**Supplied information**
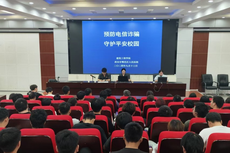 为提高同学们的法律意识和自我保护能力,防止电信诈骗案件的发生。建筑工程学院与西安市鄠邑区人民法院于2024年9月13日下午于教二报告厅联合开展了以“预防电信诈骗,守护平安校园”为主题的普法教育活动。
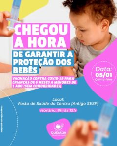 Dessa vez o público-alvo da vacinação serão as crianças de 6 meses a menores de 1 ano de idade, sem comorbidades. A vacina aplicada será a Pfizer Baby e a vacinação acontecerá no Posto de Saúde do Centro (Antigo SESP), entre 8h e 12h. Não é necessário agendamento prévio.
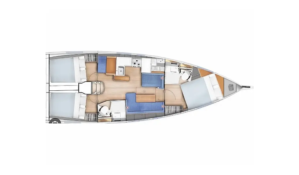 Sailing yacht Sun Odyssey 410 Garfish, built in 2021 is anchored in the Lefkas, D-Marin, Ionian Islands, Greece. It has 3 cabins, can accommodate 6 + 2 people and has 2 toilets. Bed linen and kitchen equipment are included in the price.

**Work order**
For this copy, leave pictures out and reproduce the lines from the one bearing "Dessa vez o" through the final line of the listing above, both ends included.

**Result for this task**
 Dessa vez o público-alvo da vacinação serão as crianças de 6 meses a menores de 1 ano de idade, sem comorbidades. A vacina aplicada será a Pfizer Baby e a vacinação acontecerá no Posto de Saúde do Centro (Antigo SESP), entre 8h e 12h. Não é necessário agendamento prévio.
 Sailing yacht Sun Odyssey 410 Garfish, built in 2021 is anchored in the Lefkas, D-Marin, Ionian Islands, Greece. It has 3 cabins, can accommodate 6 + 2 people and has 2 toilets. Bed linen and kitchen equipment are included in the price.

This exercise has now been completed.